GBDTs are commonly compared with the random forest algorithm. They are similar in the sense that they build multiple decision trees. But the key differences are in how they are built and combined. Random forest first builds full decision trees in parallel from bootstrap samples of the dataset, and then generates the final prediction based on an average of all of the predictions. In contrast, GBDT iteratively trains decision trees with the objective that each subsequent tree reduces the error residuals of the previous model - this is the concept of boosting. The final prediction in a GBDT is a weighted sum of all of the tree predictions. While the bootstrap aggregation method of random forest minimizes variance and overfitting, the boosting method of GBDT minimizes bias and underfitting.
XGBoost includes many features that optimizes the implementation of GBDT, including parallelized trees training (instead of sequential) and integration with distributed processing frameworks like Apache Spark and Dask. These various performance improvements have historically made XGBoost the preferred framework of choice when training models for supervised learning tasks, and have seen widespread success in Kaggle competitions on structured data.
Use cases in Federated Learning
While there is no way to know before hand what model would perform the best in federated learning, XGBoost is appealing for several reasons:
- To train the first model, XGBoost hyperparameters require significantly less tuning compared to neural network-based models.

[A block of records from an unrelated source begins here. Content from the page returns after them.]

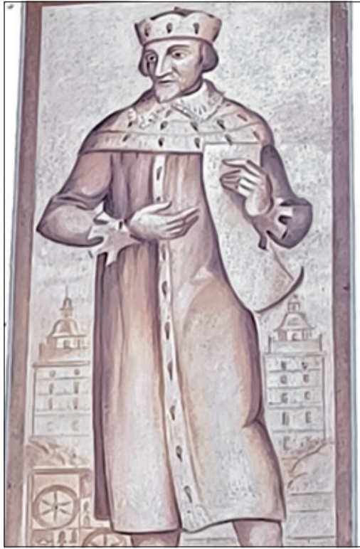
Schweikard als Kurfürst von Mainz an der Außenwand des Gasthofs „Zum Grünen Wald“ an der Schirm in Kronberg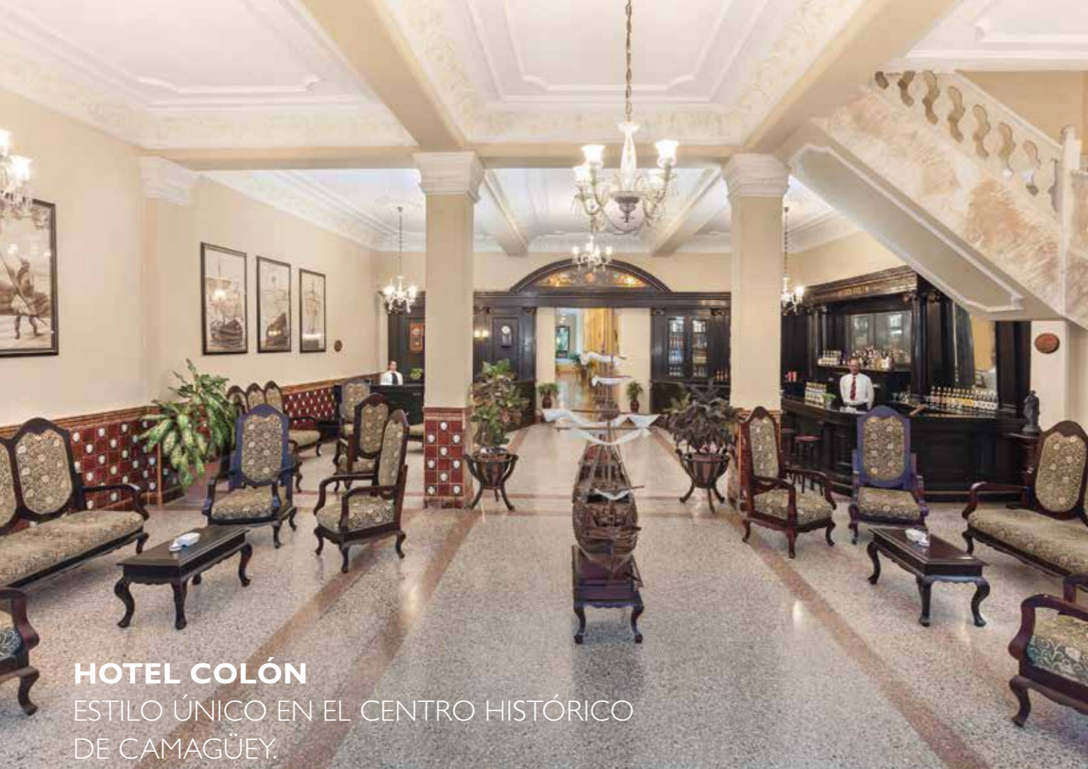
HOTEL COLÓN ESTILO ÚNICO EN EL CENTRO HISTÓRICO DE CAMAGÜEY.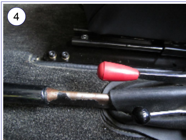
Detail Befestigung vorn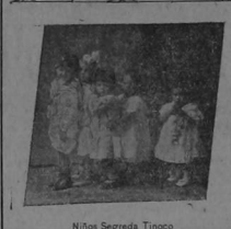
Niños Segredá Tinoco

¿Veis esa muñeca que está allí lista, prendida de veinticinco alfileres, pronta á salir de paso en compañía de cualquiera señorita de tres á cinco años de edad? Ella es la invitadora. Vedle el caballito arreglado en ondas, el sombrero colocado de manera que el sol no aje sus rodadas mejillas, el trapecio brillante, como de quien quiere ir á una conquista amorosa. La mirada acariciadora, los labios entreabiertos y rojos, las manecitas tendidas como diciendo: «élévenme por Dios».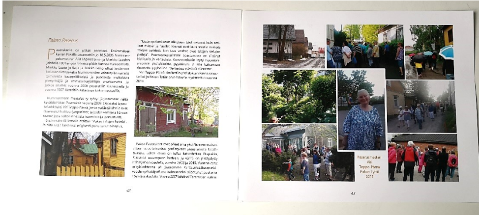
Kuva Pakan Paserus-aukeamasta

Voit tilata kirjan myös toimitettavaksi postitse. Hintaan lisätään postituskulut 8,40 € ja kirjekuori 0,60 €. Toimitus tapahtuu vasta, kun kokonaishinta 29 € on maksettu yhdistyksen tilille. Tilinumeron saat vastauksena tehtyäsi tilauksen joko sähköpostilla osoitteeseen pakanpientalot@gmail.com tai teksti/WhatsApp viestinä numeron 040 514 6896 . Muista nimi ja täydellinen osoite!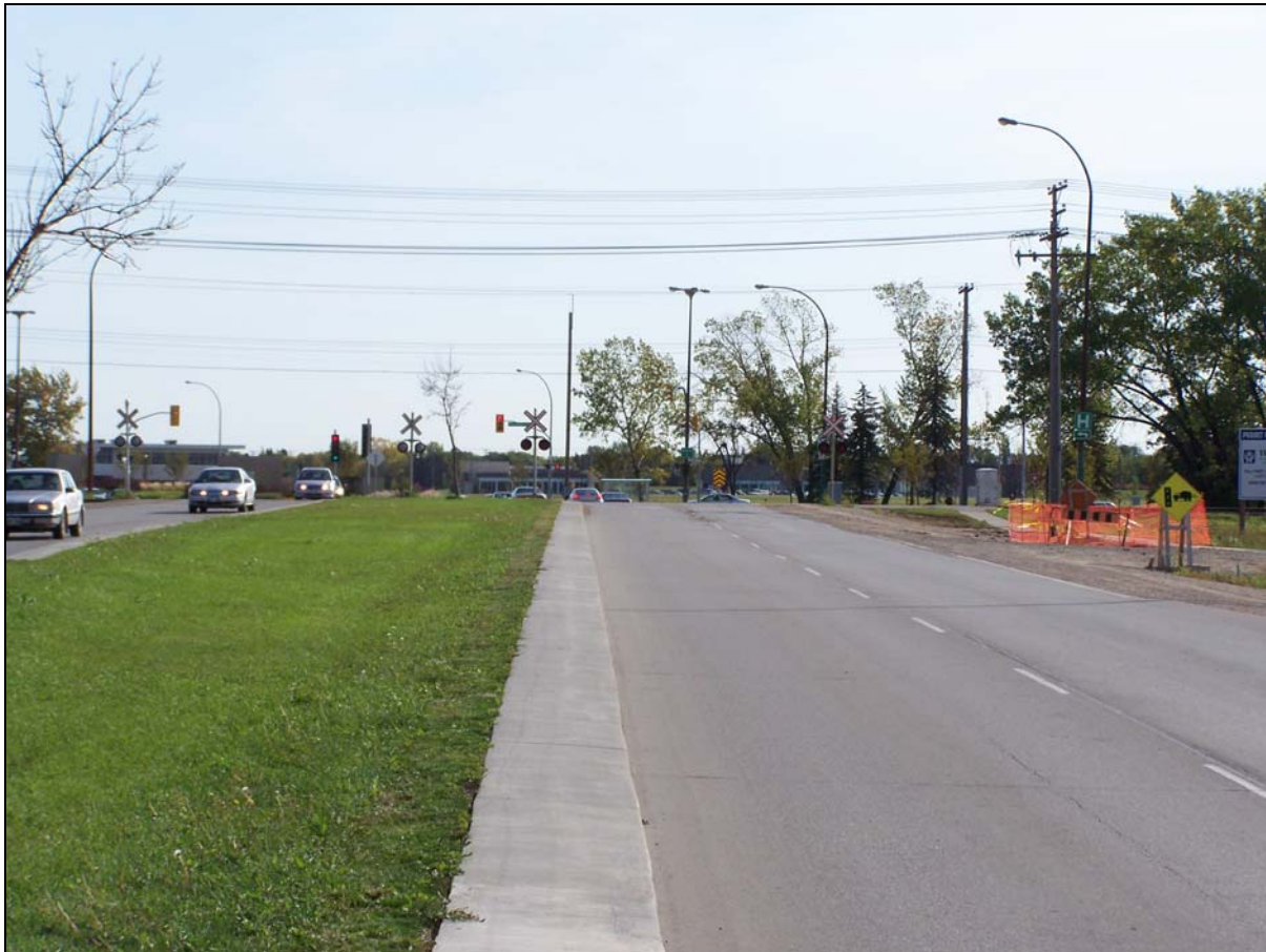
Photo 2. Passage à niveau vu de la voie médiane de l'avenue Bison, face à l'est

Un peu au nord du passage à niveau, une rangée d'arbres empêchait les automobilistes roulant vers l'est de bien voir vers le nord. Au sud du passage à niveau, il y avait un immeuble de condominiums de hauteur moyenne en cours de construction, qui gênait la visibilité vers le sud.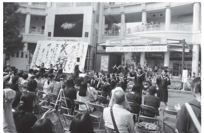
おおいた人権フェスティバル2014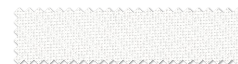
おすすめレース: SC8751 (P.308)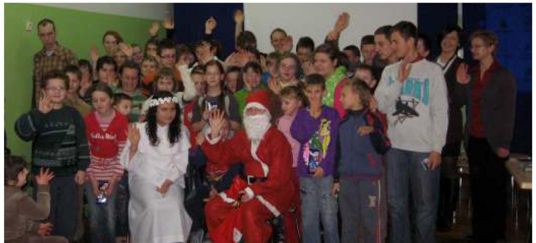
▲ Szkolne Koło Wolontariatu.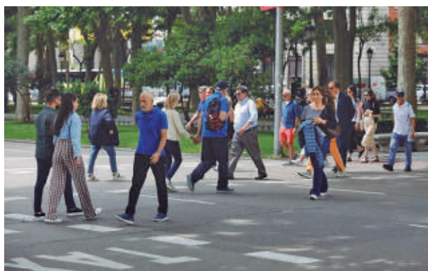
Varios viandantes cruzan el paseo del Prado

Tras el máximo histórico alcanzado el año anterior, la población se situó en 3.497.277 habitantes, lo que supone una reducción de 30.647 vecinos (-0,87%) res-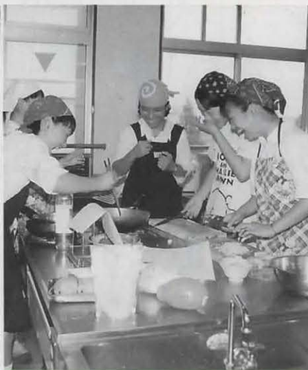
選択授業でグアム料理の実習 (6月24日 長三中)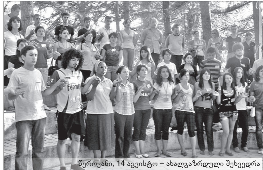
წეროვანი, 14 აგვისტო – ახალგაზრდული შეხვედრა

მისამართი: თბილისი, ვია აბესაძის ქ. №4 ტელ.: 98-95-16 რეგისტრაციის № 1853 დაარსდა 1994 წ. მანანა ანდრიაძის მიერ © „საბა“, 2010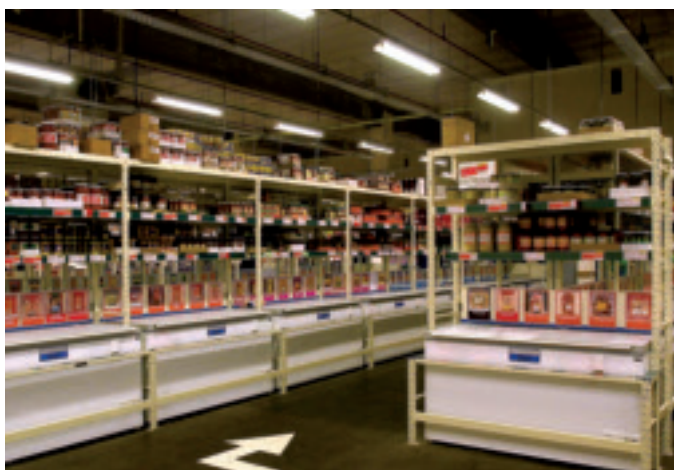
L'éclairage des magasins Colruyt est fonctionnel: suffisamment de lumière sans gaspiller d'énergie.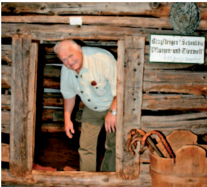
2008 – Ausflug ins Volkskundemuseum in Spittal/Drau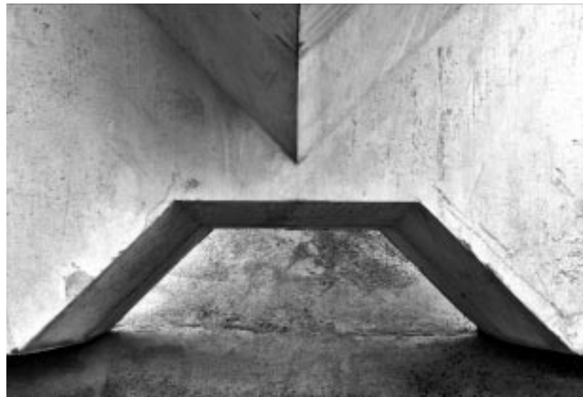
René van Rijswijk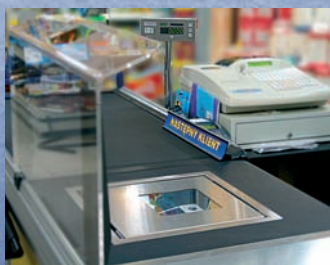
Waga wbudowana w blat stanowiska kasowego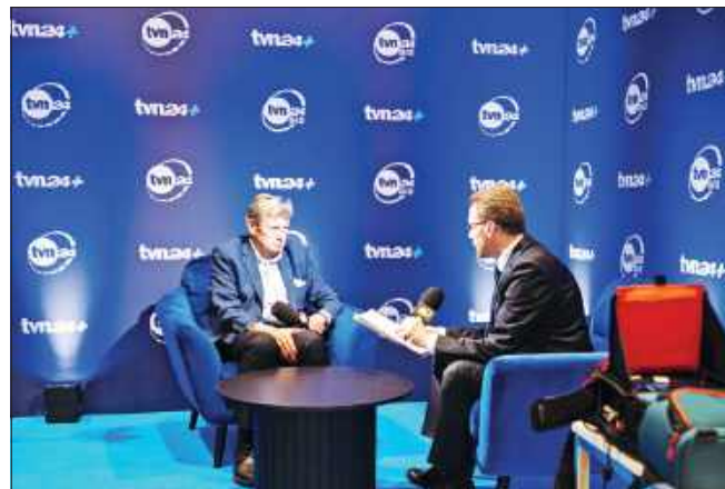
■ Wśród gości znalazł się słynny ekonomista Leszek Balcerowicz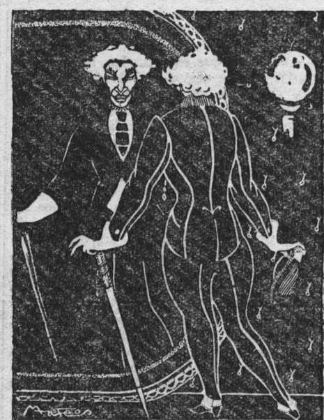
“EL NIÑO BIEN” ES UNA DE LAS ESPECIES MEJOR DEFINIDA

manera que toda legislación, no ya sobre las ocho horas, sino sobre cuatro o dos, está de más. El trabajo es una carga demasiado pesada para lo que, con imagen poética, podríamos llamar sus alas de mariposas negras.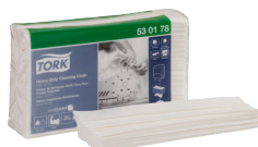
530178 Tork Heavy-Duty puhastuslapp

Kuidas me saame veel aidata? Võtke meiega ühendust, et rääkida teie ettevõttest.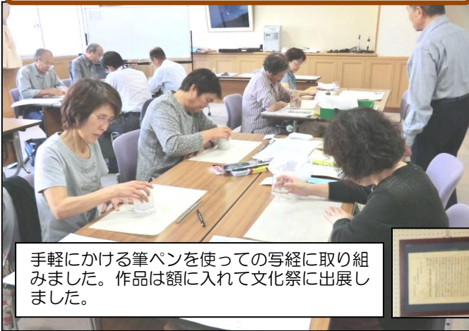
筆ペンで書く写経講座 9/25～10/30(全5回)

手軽にかける筆ペンを使っての写経に取り組みました。作品は額に入れて文化祭に出展しました。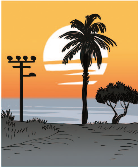
יש שם זווית מיוחדת שיוצרת הרהשה של ריחוף. כמו להיות על ענן.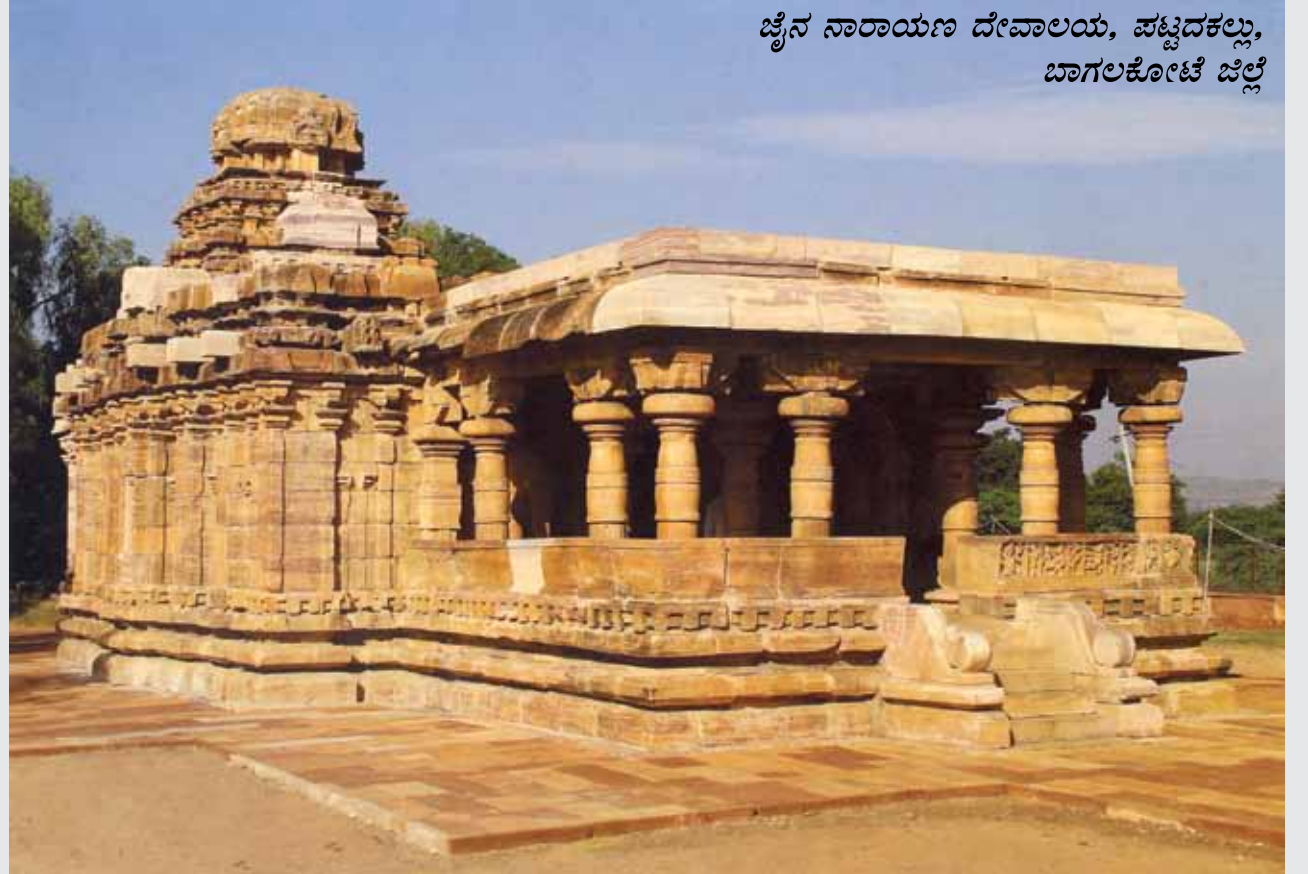
ಜೈನ ನಾರಾಯಣ ದೇವಾಲಯ, ಪಟ್ಟದಕಲ್ಲು, ಬಾಗಲಕೋಟೆ ಜಿಲ್ಲೆ

ಸನಪುಲ್ಲನನ್ನು ರಾಜನನ್ನಾಗಿ ಮರುಸ್ಥಾಪಿಸಿದನು. ರಾಷ್ಟ್ರಕೂಟರನ್ನು ಬಲವಾಗಿ ವಿರೋಧಿಸಿದ ಗಂಗ ಶ್ರೀಪುರುಷನನ್ನು ಎದುರಿಸಿದನು. ಆದರೆ ಅಂತಿಮವಾಗಿ, ಮೊದಲನೆಯ ಕೃಷ್ಣನು ಮೇಲುಗೈ ಸಾಧಿಸಿ, ಮುಂದುವರೆದು ಮಣ್ಣೆಯವರೆಗೆ ಬಂದನು. ಗಂಗರ ವಿರುದ್ಧ ಈ ಯುದ್ಧದಲ್ಲಿ, ಅವನ ಮಗನಾದ ಇಮ್ಮಡಿ ಗೋವಿಂದನು ಪ್ರಮುಖ ಪಾತ್ರವಹಿಸಿದನು. ಆತನ ಕರ್ತವ್ಯಪಾಲನೆಯಿಂದ ಉತ್ತೇಜಿತನಾದ ಕೃಷ್ಣನು ಕ್ರಿ.ಶ.೭೬೯ರಲ್ಲಿ ವೆಂಗಿ ರಾಜ್ಯದ ವಿರುದ್ಧ ಅವನನ್ನು ಕಳುಹಿಸಿದನು. ವೆಂಗಿ ರಾಜ ವಿಷ್ಣುವರ್ಧನನನ್ನು ಇಮ್ಮಡಿ ಗೋವಿಂದನು ಸೋಲಿಸಿದನು. ಹಾಗಾಗಿ, ರಾಷ್ಟ್ರಕೂಟರ ಮೊದಲನೆಯ ಕೃಷ್ಣನು ಕ್ರಿ.ಶ.೭೭೩ರಲ್ಲಿ ಮರಣ ಹೊಂದಿದಾಗ, ಆತನ ಮಗನಾದ ಇಮ್ಮಡಿ ಗೋವಿಂದನು ರಾಷ್ಟ್ರಕೂಟ ರಾಜನಾದನು. ಮೊದಲನೆಯ ಕೃಷ್ಣನ ಗಮನಾರ್ಹ ಸಾಧನೆಯೆಂದರೆ, ಭಾರತೀಯ ವಾಸ್ತು ನಿರ್ಮಾಣದಲ್ಲಿ ಅಭೂತಪೂರ್ವ ಪ್ರಯೋಗವೆಂದು ಪರಿಗಣಿಸಲಾದ ಎಲ್ಲೋರದ ಕೈಲಾಸ ದೇವಾಲಯದ ನಿರ್ಮಾಣ. ಈ ಗುಹಾ ದೇವಾಲಯವು ಮಾನವರ

- XGBoost is known to produce models that perform far better than neural networks on tabular datasets, which can be encountered in real-world federated learning systems such as in healthcare or IoT applications.
- Feature scaling is unnecessary when training XGBoost models. This not only facilitates fine-tuning on new data distributions, but also supports cross-device and cross-silo federated learning, where the data distributions from participating clients are not know a priori.
XGBoost in Flower
In Flower, we have provided two strategies for performing federated learning with XGBoost: FedXgbBagging and FedXgbCyclic, which are inspired from the work at Nvidia NVFlare. These implementations allow Flower users to use different aggregation strategies for the XGBoost model. FedXgbBagging aggregates trees from all participating clients every round, whereas FedXgbCyclic aggregates clients' trees sequentially in a round-robin manner. With these strategies, Flower users can very quickly and easily run and compare the performance of federated learning systems on distributed tabular datasets using state-of-the-art XGBoost aggregation strategies, without needing to implement them from scratch.